## PROMPT
Work out how many lines below contain the word "with". Only the number is wanted.

## SOURCE INFORMATION
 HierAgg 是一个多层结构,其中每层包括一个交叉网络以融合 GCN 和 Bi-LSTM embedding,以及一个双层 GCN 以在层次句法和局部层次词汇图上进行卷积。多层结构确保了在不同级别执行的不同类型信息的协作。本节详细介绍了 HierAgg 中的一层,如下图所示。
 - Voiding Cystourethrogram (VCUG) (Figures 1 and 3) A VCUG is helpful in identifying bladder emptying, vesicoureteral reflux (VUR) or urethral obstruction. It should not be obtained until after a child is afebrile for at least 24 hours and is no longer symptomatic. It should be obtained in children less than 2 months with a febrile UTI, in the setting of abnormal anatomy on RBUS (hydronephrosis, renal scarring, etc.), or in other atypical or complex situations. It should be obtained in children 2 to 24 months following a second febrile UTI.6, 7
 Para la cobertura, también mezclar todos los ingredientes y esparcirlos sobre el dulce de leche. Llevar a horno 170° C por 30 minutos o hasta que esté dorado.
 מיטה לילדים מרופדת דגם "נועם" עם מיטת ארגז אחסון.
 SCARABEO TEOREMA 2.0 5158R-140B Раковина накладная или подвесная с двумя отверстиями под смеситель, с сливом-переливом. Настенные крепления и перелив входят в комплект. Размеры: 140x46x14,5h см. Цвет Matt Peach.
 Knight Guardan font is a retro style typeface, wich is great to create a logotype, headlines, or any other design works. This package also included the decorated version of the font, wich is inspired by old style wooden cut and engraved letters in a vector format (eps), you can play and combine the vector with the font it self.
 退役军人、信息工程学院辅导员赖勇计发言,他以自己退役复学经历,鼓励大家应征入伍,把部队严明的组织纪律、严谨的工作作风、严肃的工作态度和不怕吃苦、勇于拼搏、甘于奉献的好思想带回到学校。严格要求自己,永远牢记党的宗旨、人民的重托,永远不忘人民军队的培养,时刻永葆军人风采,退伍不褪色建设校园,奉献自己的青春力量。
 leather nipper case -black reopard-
...
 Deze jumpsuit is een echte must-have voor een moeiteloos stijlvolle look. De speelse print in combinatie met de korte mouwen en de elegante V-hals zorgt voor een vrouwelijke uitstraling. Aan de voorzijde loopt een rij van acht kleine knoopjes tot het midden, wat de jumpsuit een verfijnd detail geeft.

## RESPONSE
2